Sunday 2 December 2018

Advent I Year C: Jer 33:14-16; 1Thess 3:9-4:2; Lk 21:25-36

Advent is a time to be alert, to be watchful, because we are to be ready for Christ when He comes: in our hearts, through faith, in our annual remembrance of His birth at Christmas, and when He will come again as our Saviour and our Judge. We need to be ready, which is why we have this season of preparation, to help us. We don’t say the Gloria in excelsis, so that it may ring out with joy, as we join our voices with the angels celebrating Christ’s birth at Christmas.We use purple, a dark colour which reminds us both of royalty and penitence. We serve a King, and we are aware of our own shortcomings, and our need to prepare to meet Christ. It is good and healthy to be reminded of how we have all fallen short, to ask God for forgiveness and mercy, and to be reminded that God is loving and merciful, and has taken away our sins on the Cross, to save us.

In our first reading this morning, the prophet Jeremiah declares that God fulfils His promises: we can trust Him. He will cause a righteous branch to spring forth, His Son, Jesus, who embodies justice and righteousness. Jesus shows us how to live, declares God’s love, and dies for love of us. In the Letter to the Thessalonians   we see the injunction to be loving one another and all people, because LOVE is the heart of the Gospel, the Good News of Jesus Christ.
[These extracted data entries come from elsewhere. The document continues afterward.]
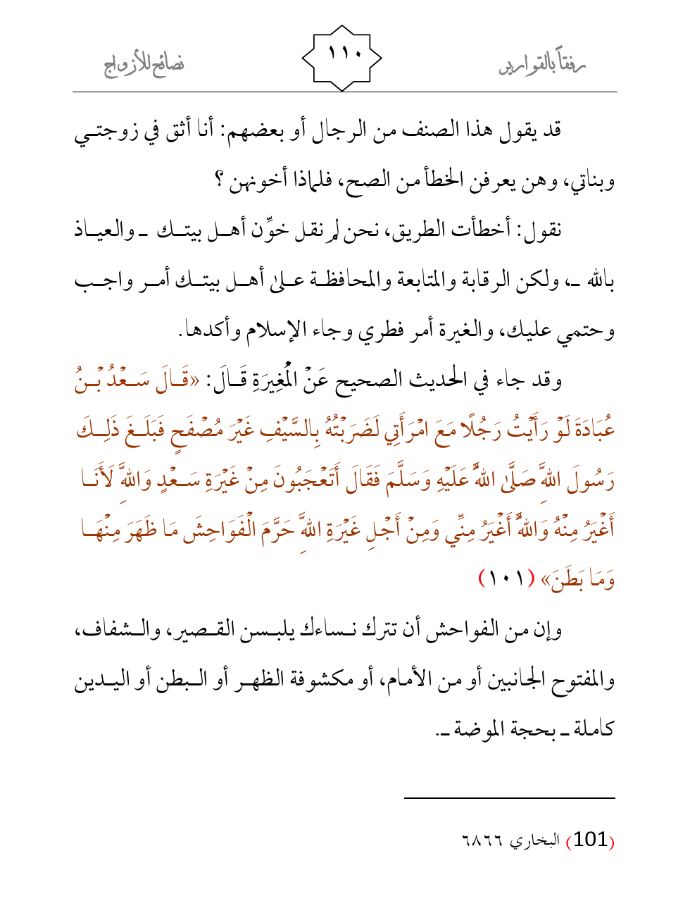 وقد جاء في الحديث الصحيح عَنْ الْمُغِيرَةِ قَالَ: «قَالَ سَعْدُ بْنُ عُبَادَةَ لَوْ رَأَيْتُ رَجُلًا مَعَ امْرَأَتِي لَضَرَبْتُهُ بِالسَّيْفِ غَيْرَ مُصْفَحٍ فَبَلَغَ ذَلِكَ رَسُولَ اللَّهِ صَلَّى اللَّهُ عَلَيْهِ وَسَلَّمَ فَقَالَ أَتَعْجَبُونَ مِنْ غَيْرَةِ سَعْدٍ وَاللَّهِ لَأَنَا أَغْيَرُ مِنْهُ وَاللَّهُ أَغْيَرُ مِنِّي وَمِنْ أَجْلِ غَيْرَةِ اللَّهِ حَرَّمَ الْفَوَاحِشَ مَا ظَهَرَ مِنْهَا وَمَا بَطَنَ» (¬1)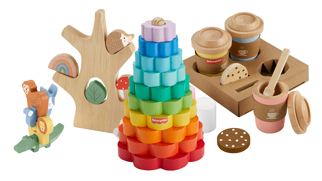 Ta zbirka lesenih igrač Fisher-Price vsebuje vse, od gradbenih kock za gradnjo gradu do lesenega piknik seta. Vse nove igrače so narejene iz virov s certifikatom FSC. Namen zbirke je otrokom zagotoviti ustvarjalno in okolju prijazno igralno izkušnjo, medtem ko so starši lahko prepričani, da so izdelki narejeni na trajnosten način. Igrače so varne in trpežne, zato bodo otrokom dolgo časa prinašale veselje.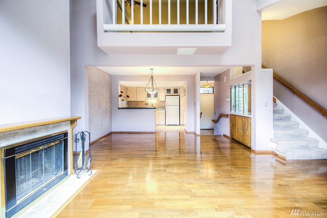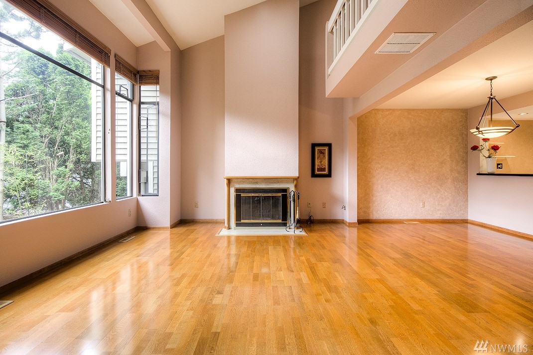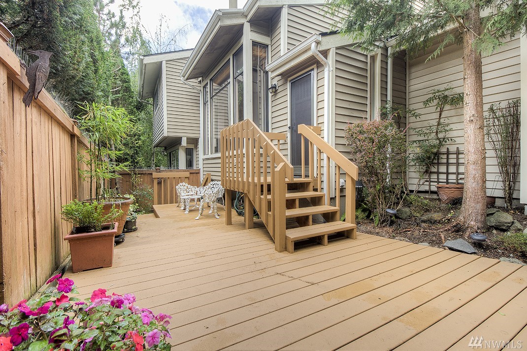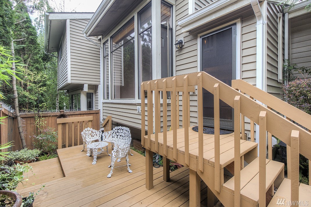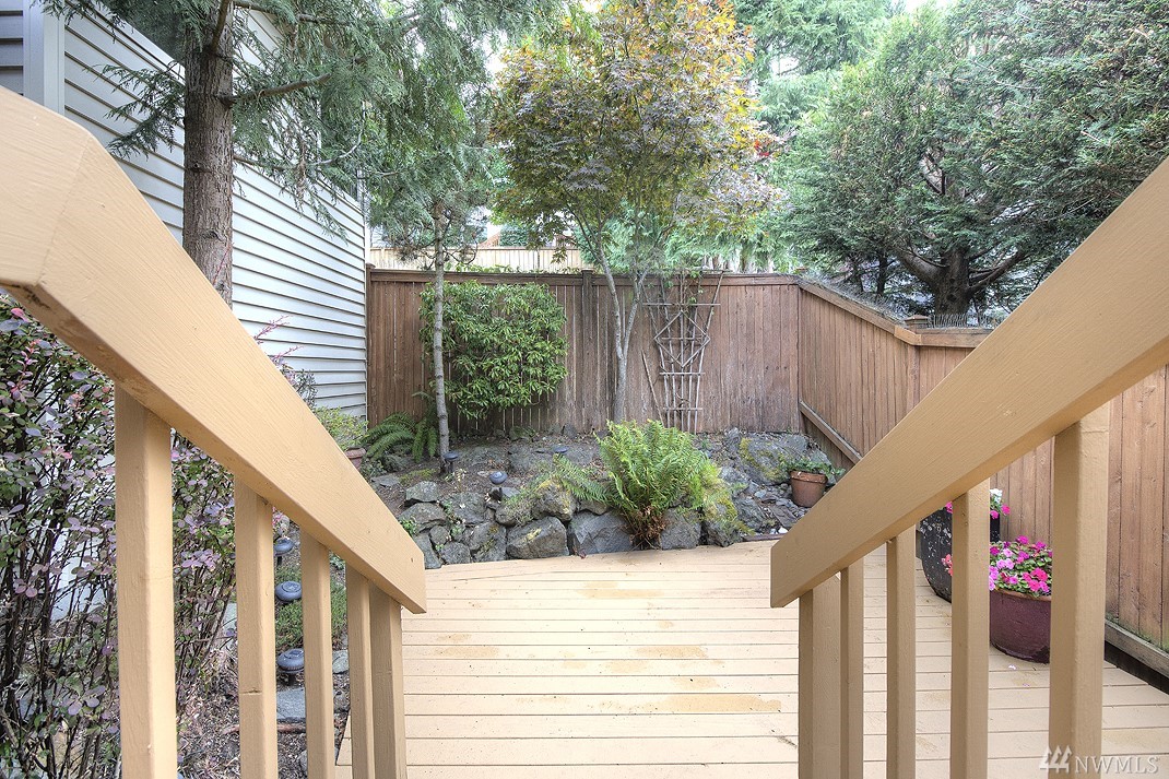 This 15 unit townhouse with 1,374 sq. ft. is located down a lane & is in the back of the complex. Very Quiet.Two car garage with storage Backyard has large deck, small planting area, is private & totally fenced. The living room has large windows, high vaulted ceilings, fireplace & hardwood floors. There are 2 bedrooms & 2 bathrooms upstairs & a small office. Kitchen is adjacent to Living & dining rm. Main level has 1/2 bath. Located close to I 90, schools & downtown Bellevue. Low HOA Dues

God loves us, so we should love one another. This is how we should live and be pleasing to God, and prepare for the fact that Jesus is coming again. 

If we consider the parable in today’s Gospel, the parable of the Fig Tree, two things are apparent, firstly fig trees are clearly visible and easily recognisable in the Middle Eastern Landscape – when Our Lord comes it will be apparent to all and sundry. Secondly, figs, as fruit take a long time to ripen, so as their visibility shows us that the Kingdom of God is close at hand, their long ripening shows us that we need to be prepared to wait, for all things will happen at their appointed time, a time which even the Son Himself does not know.
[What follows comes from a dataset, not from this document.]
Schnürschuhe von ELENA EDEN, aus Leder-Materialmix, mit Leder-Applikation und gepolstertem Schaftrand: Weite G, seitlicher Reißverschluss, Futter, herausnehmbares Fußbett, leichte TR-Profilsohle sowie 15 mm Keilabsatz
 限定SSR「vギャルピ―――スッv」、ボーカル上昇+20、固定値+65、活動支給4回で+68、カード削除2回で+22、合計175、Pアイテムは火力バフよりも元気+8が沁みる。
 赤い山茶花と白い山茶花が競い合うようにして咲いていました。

In the meantime we need to guard against Drunkenness and Hangovers (not those caused by the inevitable Christmas party) but the metaphorical kind –- a lack of alertness, a sluggishness with regard to the Gospel, and an excessive concern with the worries of this life, instead we need be alert and watchful which will allow us to ‘stand tall when others faint’. We need to be prepared to meet Jesus as our Saviour and our Judge, freed from the cares of this world

God has made a promise, through the mouth of His prophet, Jeremiah, a promise of salvation and safety, which is brought about through the Blessed Virgin Mary’s ‘Yes’ to God, which will lead to the Incarnation and thereby the Salvation of the whole world wrought upon the altar of the Cross. It is this faithful and loving God whom we wait for, a merciful judge. Thus, Advent, the preparation for the coming of Jesus as new-born infant and Judge is a time of hope and joy. We can like the Apostle Paul in his letter to the Church in Thessalonica be filled with joy for the Lord, resolute in our prayer for and encouragement of one another as a Christian family. 
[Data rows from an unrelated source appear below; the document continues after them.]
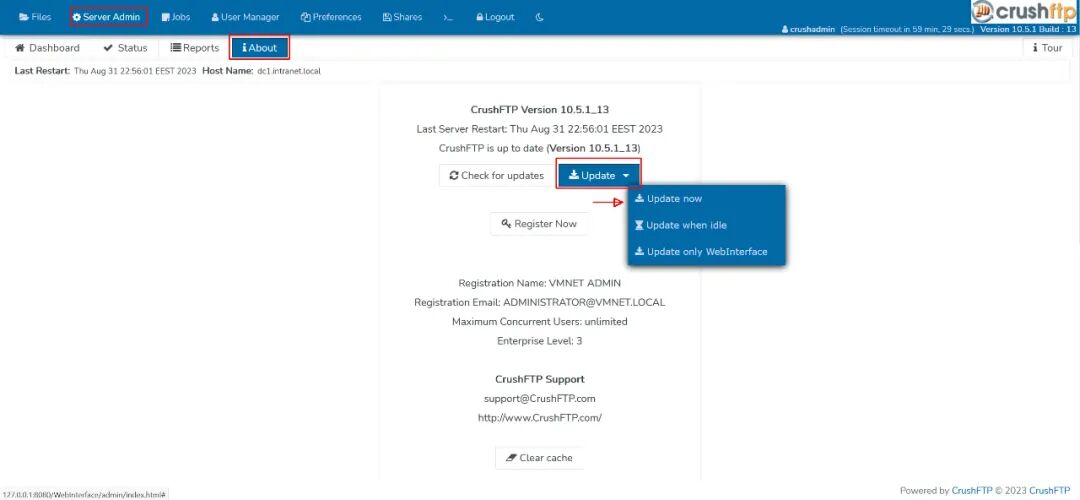 该漏洞的性质导致用户难以检查是否遭到利用,CrushFTP发言人称他们目前尚未听说有用户报告受害,但相信已经有一些未及时更新的用户受到影响,只是他们自己还没有意识到: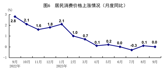 前三季度,全國居民消費價格(CPI)同比上漲0.4%。分類別看,食品煙酒價格上漲1.1%,衣著價格上漲0.9%,居住價格下降0.1%,生活用品及服務(wù)價格上漲0.2%,交通通信價格下降2.4%,教育文化娛樂價格上漲1.9%,醫(yī)療保健價格上漲1.1%,其他用品及服務(wù)價格上漲3.2%。在食品煙酒價格中,豬肉價格下降6.8%,鮮菜價格下降3.1%,糧食價格上漲1.2%,鮮果價格上漲6.0%??鄢称泛湍茉磧r格后的核心CPI同比上漲0.7%。9月份,全國居民消費價格同比持平,環(huán)比上漲0.2%。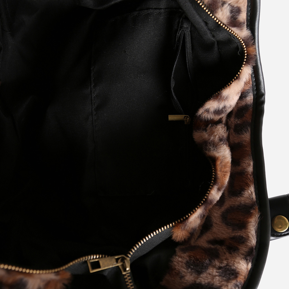 Details • Size : 21" X 12" X 4.5" • One Inside Zipper Pocket • Two Inside Slip Pockets • Zipper Closure • Material : 100% Polyester • This leopard-print tote bag combines bold style with everyday function, featuring dual handles for versatile carrying and a roomy interior for essentials. A statement piece that transitions seamlessly from casual outings to elevated looks while keeping belongings organized.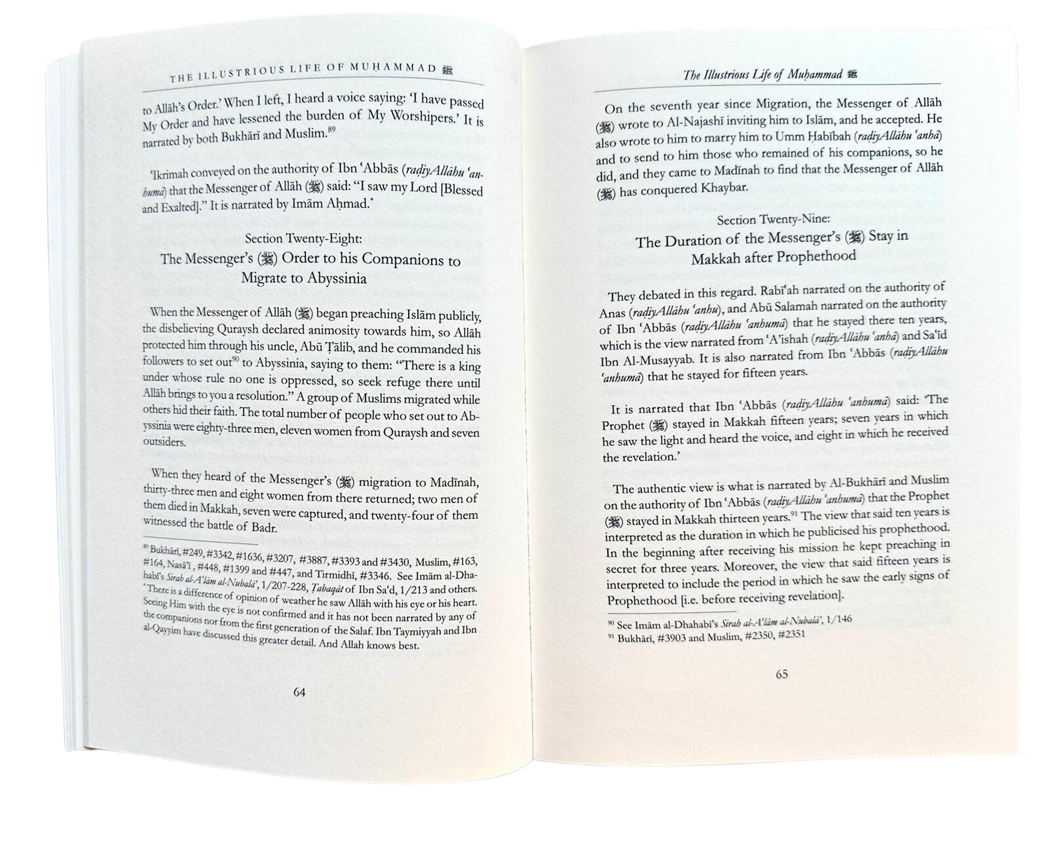 LA VIE ILLUSTRÉE DE MUHAMMAD selon l'Ordre d'Allah. Lorsque je suis parti, j'ai entendu une voix dire : « J'ai transmis Mon Ordre et j'ai allégé le fardeau de Mes Adorateurs. » Il est rapporté par Bukhari et Muslim, 89 Ikrimah transmis d'après Ibn 'Abbas (radiy Allahu 'an- buma) que le Messager d'Allah () a dit : « J'ai vu mon Seigneur [Béni et Exalté]. » Rapporté par l'imam Ahmad. Section vingt-huit : L'ordre du Messager (paix et bénédictions sur lui) à ses Compagnons d'émigrer en Abyssinie. Lorsque le Messager d'Allah (paix et bénédictions sur lui) commença à prêcher publiquement l'islam, les Qurayshites mécréants lui manifestèrent leur hostilité. Allah le protégea alors par l'intermédiaire de son oncle, Abou Talib, et il ordonna à ses fidèles de se rendre en Abyssinie, leur disant : « Il y a un roi sous le règne duquel personne n'est opprimé ; cherchez-y refuge jusqu'à ce qu'Allah vous apporte une solution. » Un groupe de musulmans émigra tandis que d'autres dissimulèrent leur foi. Au total, quatre-vingt-trois hommes, onze femmes Qurayshites et sept étrangers partirent pour l'Abyssinie. Apprenant l'émigration du Messager (paix et bénédictions sur lui) à Médine, trente-trois hommes et huit femmes revinrent de là ; deux hommes moururent à La Mecque, sept furent capturés et vingt-quatre assistèrent à la bataille de Badr. (Boukhari, n° 249, n° 3342) N° 1636, 3207, 3887, 3393 et 3430 ; Muslim, n° 163 et 164 ; Nasa', n° 448, 1399 et 447 ; et Tirmidhi, n° 3346. Voir également la Sirah al-A'lam al-Nubala' de l'imam al-Dhahabi, 1/207-228, les Tabaqat d'Ibn Sa'd, 1/213, et d'autres sources. « Il existe une divergence d'opinions quant à savoir s'il a vu Allah avec ses yeux ou avec son cœur. Le fait qu'il L'ait vu avec les yeux n'est pas confirmé et n'a été rapporté par aucun des Compagnons ni par la première génération des Salaf. Ibn Taymiyyah et Ibn al-Qayyim ont traité ce sujet plus en détail. Et Allah est le plus savant. » La vie illustre de Muhammad. La septième année après l'Hégire, le Messager d'Allah (que la paix et les bénédictions soient sur lui) écrivit à Al-Najashi pour l'inviter à l'Islam, ce qu'il accepta. Il lui demanda également de le marier à Umm Habibah (qu'Allah l'agrée) et de lui envoyer ceux qui restaient de ses compagnons. Al-Najashi s'exécuta et ils arrivèrent à Médine où ils découvrirent que le Messager d'Allah (que la paix et les bénédictions soient sur lui) avait conquis Khaybar. Section vingt-neuf : La durée du séjour du Messager (que la paix et les bénédictions soient sur lui) à La Mecque après la Prophétie. Ils débattirent à ce sujet. Rabi'ah rapporta d'après Anas (qu'Allah l'agrée), et Abu Salamah rapporta d'après Ibn 'Abbas (qu'Allah l'agrée) qu'il y séjourna dix ans, ce qui est l'avis rapporté d'après 'A'ishah (qu'Allah l'agrée) et Sa'id Ibn Al-Musayyab. Il est également rapporté d'après Ibn 'Abbas (qu'Allah l'agrée) Il est rapporté qu'Ibn 'Abbas (qu'Allah l'agrée) a dit : « Le Prophète (que la paix et les bénédictions soient sur lui) est resté à La Mecque quinze ans ; sept ans durant lesquels il a vu la lumière et entendu la voix, et huit ans durant lesquels il a reçu la révélation. » L'avis authentique est celui rapporté par Al-Bukhari et Muslim d'après Ibn 'Abbas (qu'Allah l'agrée), selon lequel le Prophète (que la paix et les bénédictions soient sur lui) est resté à La Mecque treize ans. L'avis qui mentionne dix ans est interprété comme la durée pendant laquelle il a annoncé publiquement sa prophétie. Au début, après avoir reçu sa mission, il a continué à prêcher en secret pendant trois ans. De plus, l'avis qui mentionne quinze ans est interprété comme incluant la période durant laquelle il a perçu les premiers signes de la prophétie [c'est-à-dire avant de recevoir la révélation]. 90 Voir Sirab al-A'lam al-Nubala' de l'imam al-Dhahabi, 1/146 91 Bukhari, n° 3903 et Muslim, n° 2350. #2351 64 65

This prayer and encouragement leads to an increase of love for both God and our neighbour. This is what living the Christian life means, something we do all through the week. This is the preparation we, as Christians, need. It is something which we cannot do on our own; we need to do it together, encouraging one another to live lives filled with the love which comes from God, which is God’s very nature as a Trinity of persons. This love and a freedom from the cares of this world is what Jesus comes to bring us, this is our deliverance, our liberation from sin. It is this love and freedom which makes God give himself to us this morning under the outward forms of Bread and Wine, a love we can touch and taste, which will transform us, and fill us with His love.

What greater present could we offer to the Infant Jesus than hearts filled with love and lives lived in the true freedom proclaimed by the Gospel. Thus, at one level it doesn’t matter whether the Second Coming is today or in a million years time, what matters is living lives infused with the values of the Kingdom of God, a joyful and yet a serious business. We know what we should be doing, and this is something we as Christians need to do together, praying for the Grace of God to help us, to strengthen us and fill us with that Love which comes from Him. We may feel unsure, unsafe, and worried but relying on God as part of His family, the Church, we can take courage and be alert to take part in that great adventure which is the Kingdom of God.